6.  ExxonMobil and contributions to the local school system

– ExxonMobil and its employees contributed nearly $4M to local nonprofit organizations and EBR schools in 2017 alone.

– In addition, ExxonMobil provided $13 million in advanced placement teacher support and program resources through the National Math and Science Initiative (NMSI). These funds go directly to local schools, teachers and students.

– ExxonMobil has donated $250,000 to the Foundation for the EBR School System over the past three years.

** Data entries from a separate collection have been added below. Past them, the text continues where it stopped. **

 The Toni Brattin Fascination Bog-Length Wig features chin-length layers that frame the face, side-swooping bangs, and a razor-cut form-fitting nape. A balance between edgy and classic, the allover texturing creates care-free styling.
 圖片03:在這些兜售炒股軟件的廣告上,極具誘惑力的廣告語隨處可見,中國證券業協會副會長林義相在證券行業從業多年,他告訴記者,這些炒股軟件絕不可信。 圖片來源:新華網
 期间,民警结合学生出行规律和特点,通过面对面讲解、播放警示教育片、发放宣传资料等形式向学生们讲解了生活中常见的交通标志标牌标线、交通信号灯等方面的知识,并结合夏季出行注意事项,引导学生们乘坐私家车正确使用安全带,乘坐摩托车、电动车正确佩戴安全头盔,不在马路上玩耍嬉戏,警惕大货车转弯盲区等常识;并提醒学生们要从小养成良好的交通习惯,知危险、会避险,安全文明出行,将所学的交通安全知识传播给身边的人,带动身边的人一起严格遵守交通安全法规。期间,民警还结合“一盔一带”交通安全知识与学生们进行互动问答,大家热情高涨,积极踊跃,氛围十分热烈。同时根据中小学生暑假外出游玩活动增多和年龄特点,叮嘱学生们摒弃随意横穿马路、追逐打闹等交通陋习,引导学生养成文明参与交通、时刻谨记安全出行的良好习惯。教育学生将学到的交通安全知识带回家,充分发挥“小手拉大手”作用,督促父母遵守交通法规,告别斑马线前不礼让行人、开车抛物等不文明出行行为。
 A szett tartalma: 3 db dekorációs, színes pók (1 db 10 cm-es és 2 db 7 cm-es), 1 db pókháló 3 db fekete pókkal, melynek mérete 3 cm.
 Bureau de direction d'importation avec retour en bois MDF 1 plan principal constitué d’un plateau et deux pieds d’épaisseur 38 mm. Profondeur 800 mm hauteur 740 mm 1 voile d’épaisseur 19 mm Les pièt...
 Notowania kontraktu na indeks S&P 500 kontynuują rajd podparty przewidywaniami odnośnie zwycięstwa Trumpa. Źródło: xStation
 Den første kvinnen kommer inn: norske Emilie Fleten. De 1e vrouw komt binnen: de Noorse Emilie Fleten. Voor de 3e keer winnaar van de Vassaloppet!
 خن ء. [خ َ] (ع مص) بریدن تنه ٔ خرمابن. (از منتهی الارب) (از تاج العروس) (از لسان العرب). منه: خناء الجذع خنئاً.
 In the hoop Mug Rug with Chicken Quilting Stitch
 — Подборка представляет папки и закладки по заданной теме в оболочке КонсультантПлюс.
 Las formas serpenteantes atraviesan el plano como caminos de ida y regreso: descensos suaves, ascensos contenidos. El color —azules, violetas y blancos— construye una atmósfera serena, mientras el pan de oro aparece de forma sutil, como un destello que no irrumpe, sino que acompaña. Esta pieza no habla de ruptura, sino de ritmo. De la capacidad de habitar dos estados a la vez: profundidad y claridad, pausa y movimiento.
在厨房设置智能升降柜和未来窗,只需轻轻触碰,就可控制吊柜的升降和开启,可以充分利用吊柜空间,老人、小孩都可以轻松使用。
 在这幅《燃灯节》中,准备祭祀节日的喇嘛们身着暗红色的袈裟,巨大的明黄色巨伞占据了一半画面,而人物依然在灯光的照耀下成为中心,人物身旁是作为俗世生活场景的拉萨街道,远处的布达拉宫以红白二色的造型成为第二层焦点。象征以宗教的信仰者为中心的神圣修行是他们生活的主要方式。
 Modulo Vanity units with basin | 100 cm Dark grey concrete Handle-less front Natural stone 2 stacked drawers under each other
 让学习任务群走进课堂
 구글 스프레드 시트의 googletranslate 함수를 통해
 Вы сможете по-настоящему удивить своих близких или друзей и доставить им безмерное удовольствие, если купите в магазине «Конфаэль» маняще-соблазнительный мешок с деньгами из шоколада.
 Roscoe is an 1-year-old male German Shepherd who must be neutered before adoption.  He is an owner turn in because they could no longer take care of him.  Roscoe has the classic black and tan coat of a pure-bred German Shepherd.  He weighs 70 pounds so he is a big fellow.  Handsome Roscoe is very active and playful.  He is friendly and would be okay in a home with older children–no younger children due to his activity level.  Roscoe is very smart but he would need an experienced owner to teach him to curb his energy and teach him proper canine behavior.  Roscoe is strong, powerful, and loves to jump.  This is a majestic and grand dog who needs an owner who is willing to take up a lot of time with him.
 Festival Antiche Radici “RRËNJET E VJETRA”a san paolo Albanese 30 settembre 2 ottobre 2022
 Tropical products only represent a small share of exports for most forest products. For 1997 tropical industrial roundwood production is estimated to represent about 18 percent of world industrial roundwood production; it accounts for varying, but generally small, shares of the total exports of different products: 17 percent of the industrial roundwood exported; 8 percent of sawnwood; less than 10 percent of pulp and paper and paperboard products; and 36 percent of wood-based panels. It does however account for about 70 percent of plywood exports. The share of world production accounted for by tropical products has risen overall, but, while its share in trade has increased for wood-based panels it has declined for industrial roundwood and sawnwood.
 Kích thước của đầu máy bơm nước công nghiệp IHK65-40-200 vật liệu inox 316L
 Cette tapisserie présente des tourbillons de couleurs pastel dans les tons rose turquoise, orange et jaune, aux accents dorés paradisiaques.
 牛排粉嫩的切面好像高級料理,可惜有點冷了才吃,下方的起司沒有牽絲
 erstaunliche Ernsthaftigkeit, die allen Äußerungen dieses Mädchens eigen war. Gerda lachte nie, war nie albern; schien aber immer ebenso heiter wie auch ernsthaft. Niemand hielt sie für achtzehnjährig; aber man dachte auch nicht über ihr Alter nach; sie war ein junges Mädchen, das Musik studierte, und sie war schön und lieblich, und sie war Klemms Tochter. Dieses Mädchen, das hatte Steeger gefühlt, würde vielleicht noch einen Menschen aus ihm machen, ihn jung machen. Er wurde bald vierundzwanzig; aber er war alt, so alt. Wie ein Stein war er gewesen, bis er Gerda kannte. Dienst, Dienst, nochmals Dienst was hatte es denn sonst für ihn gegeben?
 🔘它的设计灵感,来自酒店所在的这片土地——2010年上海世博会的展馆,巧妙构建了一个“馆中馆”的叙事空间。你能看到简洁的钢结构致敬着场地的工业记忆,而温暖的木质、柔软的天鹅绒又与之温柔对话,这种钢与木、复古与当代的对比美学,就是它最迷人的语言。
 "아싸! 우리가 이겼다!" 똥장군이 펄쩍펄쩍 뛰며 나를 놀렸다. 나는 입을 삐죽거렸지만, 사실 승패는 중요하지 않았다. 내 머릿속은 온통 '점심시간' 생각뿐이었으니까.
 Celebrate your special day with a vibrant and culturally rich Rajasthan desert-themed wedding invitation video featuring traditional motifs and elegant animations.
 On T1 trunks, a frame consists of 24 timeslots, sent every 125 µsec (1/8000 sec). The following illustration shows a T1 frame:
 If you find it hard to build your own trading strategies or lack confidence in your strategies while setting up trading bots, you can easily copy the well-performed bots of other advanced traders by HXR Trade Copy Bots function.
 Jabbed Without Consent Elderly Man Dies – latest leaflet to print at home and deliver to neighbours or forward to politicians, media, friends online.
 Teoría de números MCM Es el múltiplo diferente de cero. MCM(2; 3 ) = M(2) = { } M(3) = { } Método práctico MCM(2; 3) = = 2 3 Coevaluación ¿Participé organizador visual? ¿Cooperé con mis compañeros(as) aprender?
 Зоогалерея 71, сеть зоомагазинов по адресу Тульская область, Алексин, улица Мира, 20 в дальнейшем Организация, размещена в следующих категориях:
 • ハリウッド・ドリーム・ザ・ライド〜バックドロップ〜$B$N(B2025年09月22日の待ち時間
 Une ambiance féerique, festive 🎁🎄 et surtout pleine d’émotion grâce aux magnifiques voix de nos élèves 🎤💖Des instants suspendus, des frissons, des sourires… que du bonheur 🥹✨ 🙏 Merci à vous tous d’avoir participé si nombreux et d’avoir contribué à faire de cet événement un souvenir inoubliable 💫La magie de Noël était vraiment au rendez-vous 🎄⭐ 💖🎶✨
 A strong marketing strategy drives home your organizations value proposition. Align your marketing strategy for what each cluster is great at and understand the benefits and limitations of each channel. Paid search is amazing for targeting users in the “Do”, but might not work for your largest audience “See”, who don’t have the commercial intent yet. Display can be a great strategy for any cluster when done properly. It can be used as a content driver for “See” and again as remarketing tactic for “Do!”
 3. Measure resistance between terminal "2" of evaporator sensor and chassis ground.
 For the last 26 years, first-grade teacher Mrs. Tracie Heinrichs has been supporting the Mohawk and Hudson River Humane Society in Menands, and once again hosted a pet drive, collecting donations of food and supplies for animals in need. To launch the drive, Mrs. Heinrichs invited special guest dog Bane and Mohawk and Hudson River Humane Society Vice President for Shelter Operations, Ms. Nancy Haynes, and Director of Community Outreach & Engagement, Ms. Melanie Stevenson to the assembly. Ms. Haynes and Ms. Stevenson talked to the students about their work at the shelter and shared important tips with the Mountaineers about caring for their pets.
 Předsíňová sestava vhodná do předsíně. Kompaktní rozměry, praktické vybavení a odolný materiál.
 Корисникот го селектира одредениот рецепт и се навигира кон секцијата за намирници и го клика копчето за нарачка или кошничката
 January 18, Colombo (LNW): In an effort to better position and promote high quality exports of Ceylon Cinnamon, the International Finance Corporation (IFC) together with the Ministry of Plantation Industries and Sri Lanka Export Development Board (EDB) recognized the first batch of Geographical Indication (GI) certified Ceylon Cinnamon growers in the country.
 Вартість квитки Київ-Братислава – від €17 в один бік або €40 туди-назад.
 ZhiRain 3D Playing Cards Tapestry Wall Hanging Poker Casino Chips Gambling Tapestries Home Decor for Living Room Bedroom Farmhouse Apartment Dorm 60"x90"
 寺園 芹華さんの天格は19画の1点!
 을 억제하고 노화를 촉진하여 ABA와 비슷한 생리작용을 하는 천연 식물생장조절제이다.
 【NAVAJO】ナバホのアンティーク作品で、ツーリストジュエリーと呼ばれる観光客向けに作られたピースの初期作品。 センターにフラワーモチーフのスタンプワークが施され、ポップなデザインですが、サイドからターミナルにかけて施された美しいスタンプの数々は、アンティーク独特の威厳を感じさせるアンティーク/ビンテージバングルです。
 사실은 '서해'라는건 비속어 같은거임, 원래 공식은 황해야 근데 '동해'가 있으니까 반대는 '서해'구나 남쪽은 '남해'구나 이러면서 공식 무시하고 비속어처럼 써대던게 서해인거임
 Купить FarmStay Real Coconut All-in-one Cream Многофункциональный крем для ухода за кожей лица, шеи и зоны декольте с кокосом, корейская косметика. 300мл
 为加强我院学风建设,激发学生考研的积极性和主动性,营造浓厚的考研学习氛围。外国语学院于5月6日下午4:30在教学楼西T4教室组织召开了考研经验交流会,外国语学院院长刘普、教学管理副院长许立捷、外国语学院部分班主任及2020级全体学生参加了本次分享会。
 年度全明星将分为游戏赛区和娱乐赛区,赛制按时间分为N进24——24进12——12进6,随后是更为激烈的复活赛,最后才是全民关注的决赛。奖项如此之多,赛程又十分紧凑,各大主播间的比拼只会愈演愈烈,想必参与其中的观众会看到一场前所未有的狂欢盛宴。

What we’re interested in seeing, particularly in the event that the ExxonMobil application gets voted down in two weeks (which isn’t what we expect, but these fights are becoming more intense each time), is whether Together Louisiana doesn’t become a major issue on the gubernatorial campaign trail. Certainly Edwards’ role in creating this mess should be a major piece of his economic record as governor, which isn’t a good one. But more than that, at some point Edwards either has to own or disown the Together Louisiana folks for having made them part of the state’s economic development debate, and that’s a no-win situation for him.

Particularly when the effect of these fights in the first place is that corporate site selectors increasingly just think to themselves “Louisiana’s a nice place to visit, but I would want to live there.”